By Kevin Buckland
TOKYO (Reuters) – The dollar held near a two-week high against the yen after posting its biggest one-day gain against major currencies in four weeks, as solid U.S. economic data all but erased recession fears.
The dollar was particularly forceful against the Japanese currency thanks to a rise in Treasury yields as investors shed money on bets that the Federal Reserve will be forced to ease monetary policy aggressively next month.
Risk-sensitive currencies such as sterling strengthened as an improving economic outlook spurred gains in stock markets.
The index, which measures the greenback’s value against six major currencies including the yen, sterling and euro, was unchanged at 103.20 after rising 0.41% overnight, its biggest gain since July 18.
The dollar weakened slightly to 149.11 yen but remained close to Thursday’s high of 149.40 yen, a level last seen on Aug. 2.

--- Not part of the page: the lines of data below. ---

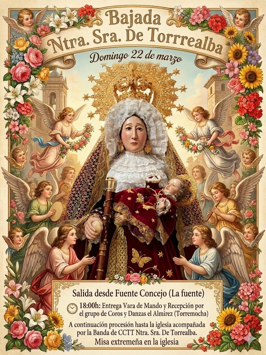 Se informa que, la plaza permanecerá cerrada al tráfico desde las 14 h hasta la finalización de la bajada de la Virgen de Torrealba.
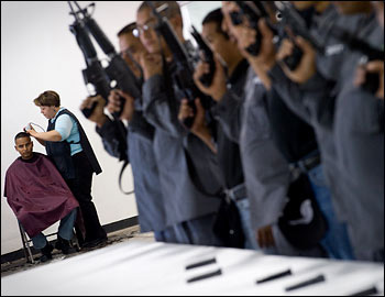 | | Cadets learn how to assemble and fire weapons at the Police Academy in the district of Cuauhtemoc. On the left, one cadet receives a very short haircut. (Sarah L. Voisin/Washington Post) |  | Ciudad Juarez, Mexico - A few months ago, the mayor of the most violent city in Mexico would sometimes sleep across the border in El Paso for safety. Now, with the military firmly in control of Ciudad Juarez, an entire day can pass without a single drug-related killing.
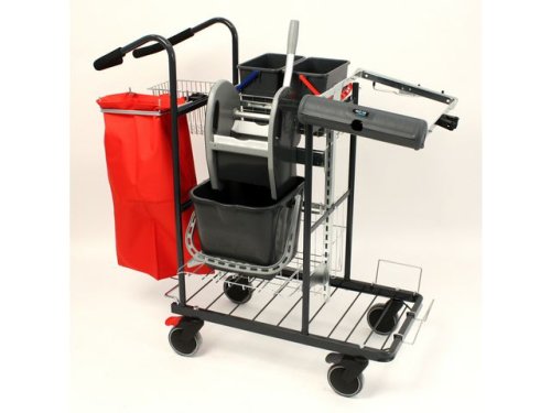 Stor städvagn med svabbutrustning. Steglös höjdjustering av svabbutrustning för bästa ergonomi. Kullagrade komposithjul 125mm med lätt och tyst gång. Specialfunktion med ett riktningshjul och en totalbroms. Levereras i delar som är lätta att montera ihop.
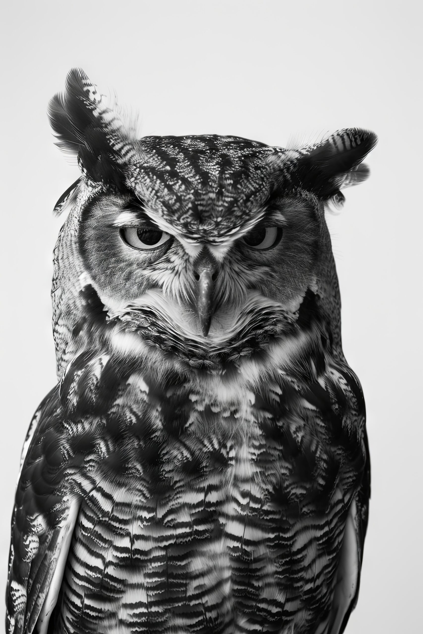 Scharfes Porträt einer Eule in Schwarz-Weiß. Gedruckt auf halbmattem FSC-Papier (170 g/m²). Die matte Oberfläche reduziert Reflexionen. Kommt ungerahmt zum Selbstrahmen oder Solo an die Wand.
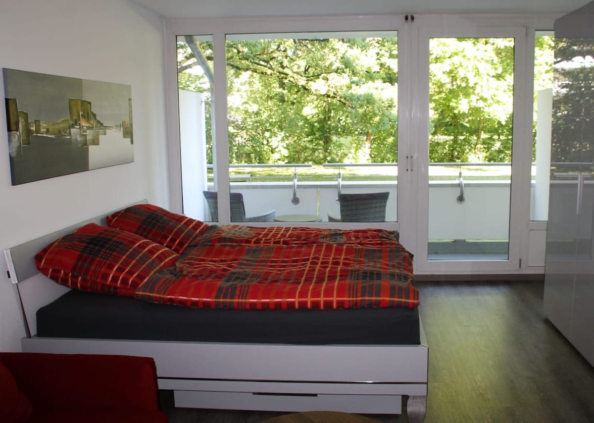 Nuestro apartamento en el sótano en una hermosa ubicación verde con la mejor conexión con el centro de la ciudad, el aeropuerto y la feria puede alojar de 4 a 5 personas. Los dos dormitorios tienen camas grandes y acogedoras. El nuevo y elegante baño tiene una ducha extra grande. La cocina está equipada con todo lo esencial. Todas las habitaciones tienen ventanas, lo que permite que entre aire fresco y mucha luz en el apartamento.
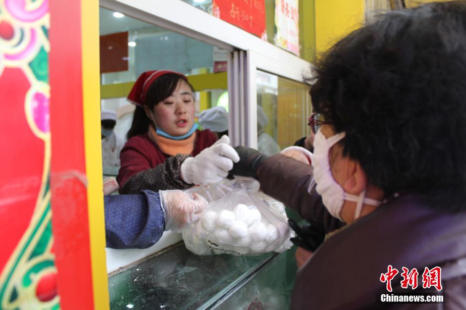 3月4日,兰州几家老字号甜食店门前一大早便排起蜿蜒曲折的数百米长龙,为了全家能吃上寓意“团圆”的元宵,不少老人“全副武装”坚守在寒风中。徐雪 摄
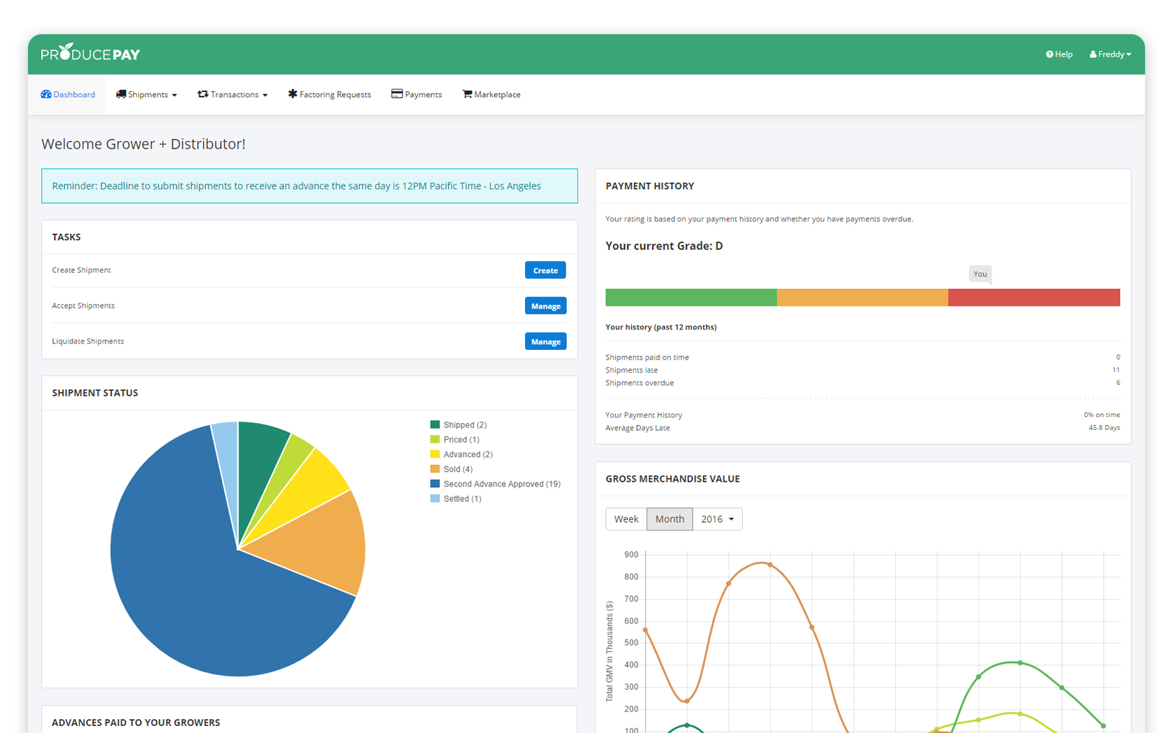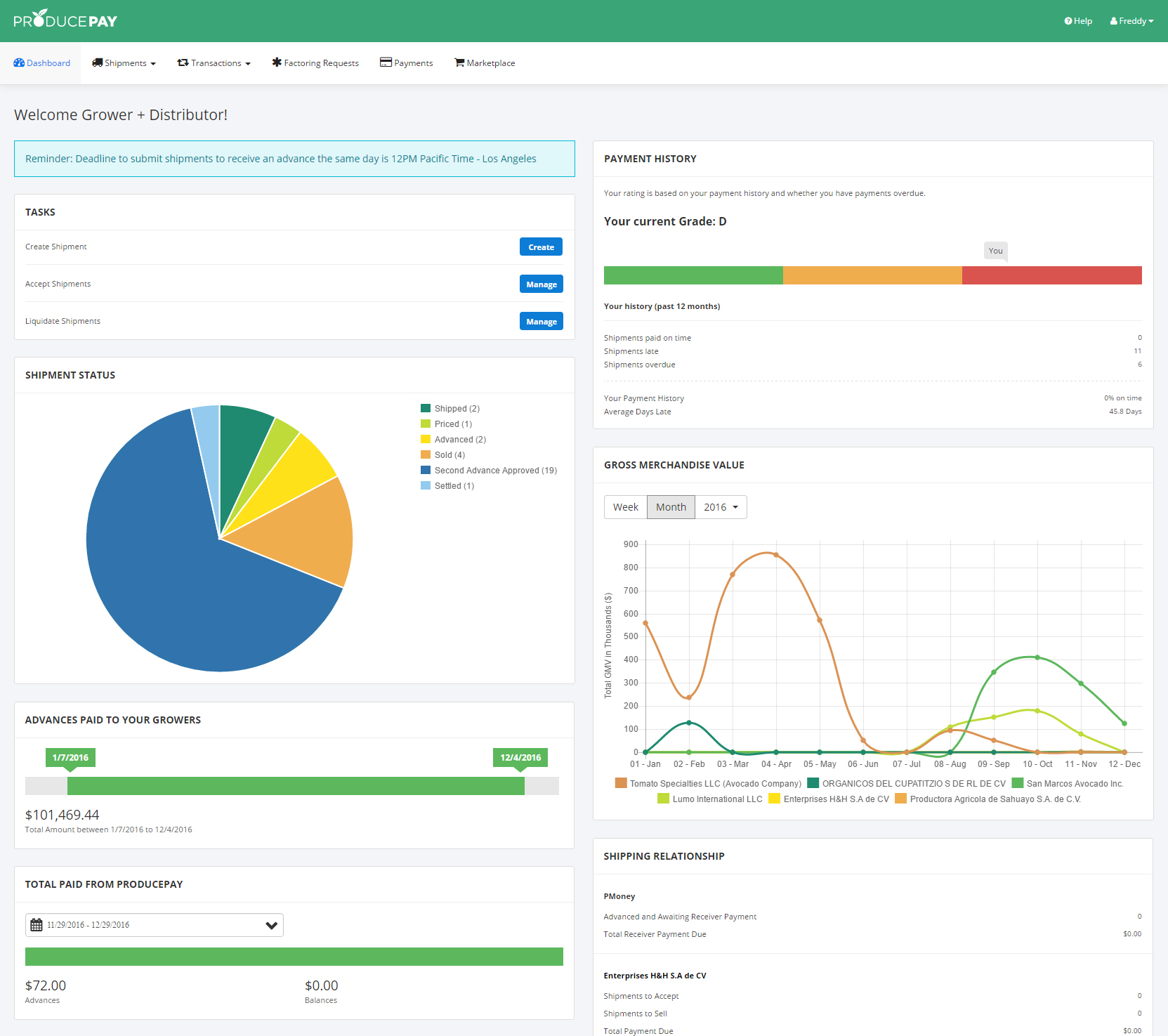 ProducePay Platform is a robust, enterprise-grade B2B web application that provides financial solutions and valuable data insights to the agriculture sector.

The Commerce Department said retail sales rose 1.0% last month, beating forecasts for a 0.3% escalate. Separate data showed 227,000 Americans filed for unemployment benefits last week, fewer than the 235,000 expected.
Traders are confident the Fed will cut interest rates on Sept. 18, but have debated the size of the cut. The odds of a super-sized 50-basis-point cut now stand at 25%, up from 36% a day earlier, according to CME Group’s (NASDAQ:) FedWatch tool.
Surprisingly frail monthly payroll data earlier this month raised the probability of a larger cut to 71%.
“Economic growth is improving and consensus is once again supporting the ‘soft landing’ thesis,” said Chris Weston, head of research at Pepperstone, pointing to 150 yen per dollar as the next level to watch for the currency pair.
“While there are always risks that could have an impact, there is little in the data flow right now that could really dampen sentiment in the near future.”
Sterling rose slightly to $1.2859, building on an overnight gain of 0.21%. The British currency received an additional boost from solid GDP data on Thursday.
The euro remained at $1.0973, after falling 0.36% in the previous session.
The risk-sensitive Australian dollar held steady at $0.66105, having gained 0.2% the previous day after data showed a much stronger-than-expected escalate in jobs.